Current and future research
Modern early maturing chickpea lines have had a considerable impact in short season environments across South and Southeast Asia transforming what was once a subsistence crop to into significant income generator and export commodity.

  • In Myanmar, the world’s sixth largest producing nation, early maturing cultivars now cover some 80% of the area devoted to chickpea. Adoption of improved cultivars has led to a four-fold increase in the production.
  • Indian farmers have reported comparable productivity increases ranging from 50 to 90% percent.

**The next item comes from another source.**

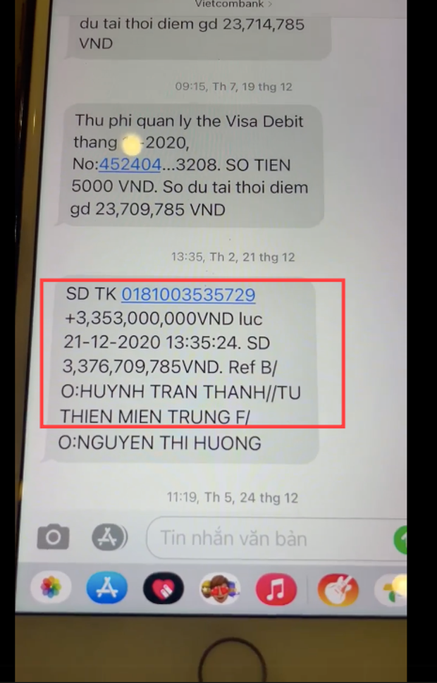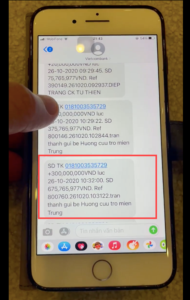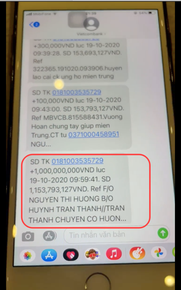 - Đợt 2: Lúc đó cô Ngọc Hương đang trực tiếp đi cứu trợ ngoài miền Trung, chưa nhận được hồi âm của Thuỷ Tiên, tôi đành quyết định chuyển gấp cho cô thêm 2.100.000.000đ (vì không ra được ngân hàng nên tôi phải chuyển khoản bằng mobile banking 300.000.000đ / lần. Chuyển đúng 7 lần là 2.100.000.000đ. Tôi sẽ in sao kê, có ghi rõ nội dung chuyển rõ ràng cho quý vị xem)

Currently, efforts are being made to enhance tolerance to terminal drought and heat stresses. In addition, researchers are working to boost the crop’s natural nutritional advantages by increasing its protein, iron and zinc content. Plans also call for developing varieties that are resistant to herbicides and can be harvested with small machinery to reduce costs and overcome labor shortages that arise at weeding and harvest time. These efforts should help to reduce production shortages, stabilize prices for producers and consumers, and help to drive the development of overseas markets.


Chickpea goes by several common names, including garbanzo beans, ceci beans, sanagalu, kala chana, and Bengal gram.

There are two main types:

Photo: ICRISAT
Desi chickpeas are smaller in size, light to dark brown in color, and havea thick seed coat.
Photo: ICRISAT
Kabuli chickpeas are larger than the Desi types, have a whitish-cream color, and a thin seed coat.